EXERCISE AIM: Retype the listing exactly, with no images.

DATA SHOWN:

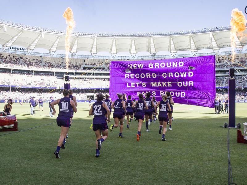 Players and coaches from both sides paid tribute to AFLW fans after a record-breaking crowd turned out to watch Fremantle’s clash with Collingwood at Perth’s Optus Stadium.
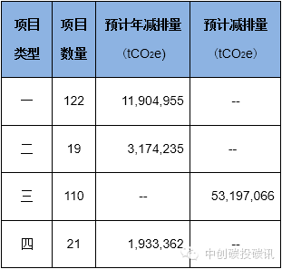 根據審定項目的公示PDD,按照申請備案的項目類型區分,《溫室氣體減排交易管理暫行辦法》中規定的第三類備案項目(獲得國家發改委批準為CDM項目且在聯合國CDM執行理事會注冊前產生減排量的項目,pre-CDM項目)達到110個,在補充計入期內預計產生減排量合計約為5320萬tCO2e;第一類項目(經國家發改委備案的方法學開發的自愿減排項目)122個,預計年減排量合計約為1190萬tCO2e;第二類項目(獲得國家發改委批準為CDM項目但未在聯合國CDM執行理事會注冊的項目)19個,預計年減排量合計約為317萬tCO2e;第四類備案項目(在聯合國CDM EB注冊但減排量未獲得簽發的項目)21個,預計年減排量合計約為193萬tCO2e。在信息平臺公示以上4類項目的備案申請數量及產生的減排量如表1所示。
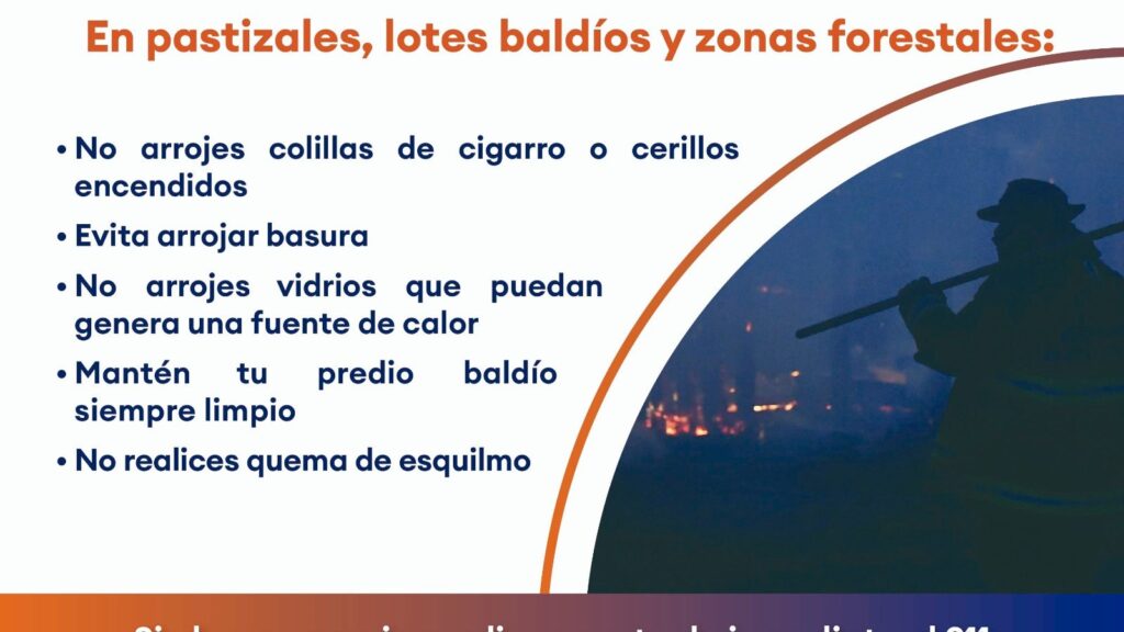 “Son malas costumbres de algunas personas que deben hacer conciencia del severo daño que pueden ocasionar si se les llega a descontrolar la mala práctica de quema de basura, llantas o maleza. Han sucedido casos que las llamas se propagan rápidamente y alcanzan propiedades cercanas, situaciones que generan riesgos mayores y que requieren la intervención de los cuerpos de emergencia”, destacó Martínez Negrete.

FINAL ANSWER:
 Players and coaches from both sides paid tribute to AFLW fans after a record-breaking crowd turned out to watch Fremantle’s clash with Collingwood at Perth’s Optus Stadium.
 根據審定項目的公示PDD,按照申請備案的項目類型區分,《溫室氣體減排交易管理暫行辦法》中規定的第三類備案項目(獲得國家發改委批準為CDM項目且在聯合國CDM執行理事會注冊前產生減排量的項目,pre-CDM項目)達到110個,在補充計入期內預計產生減排量合計約為5320萬tCO2e;第一類項目(經國家發改委備案的方法學開發的自愿減排項目)122個,預計年減排量合計約為1190萬tCO2e;第二類項目(獲得國家發改委批準為CDM項目但未在聯合國CDM執行理事會注冊的項目)19個,預計年減排量合計約為317萬tCO2e;第四類備案項目(在聯合國CDM EB注冊但減排量未獲得簽發的項目)21個,預計年減排量合計約為193萬tCO2e。在信息平臺公示以上4類項目的備案申請數量及產生的減排量如表1所示。
 “Son malas costumbres de algunas personas que deben hacer conciencia del severo daño que pueden ocasionar si se les llega a descontrolar la mala práctica de quema de basura, llantas o maleza. Han sucedido casos que las llamas se propagan rápidamente y alcanzan propiedades cercanas, situaciones que generan riesgos mayores y que requieren la intervención de los cuerpos de emergencia”, destacó Martínez Negrete.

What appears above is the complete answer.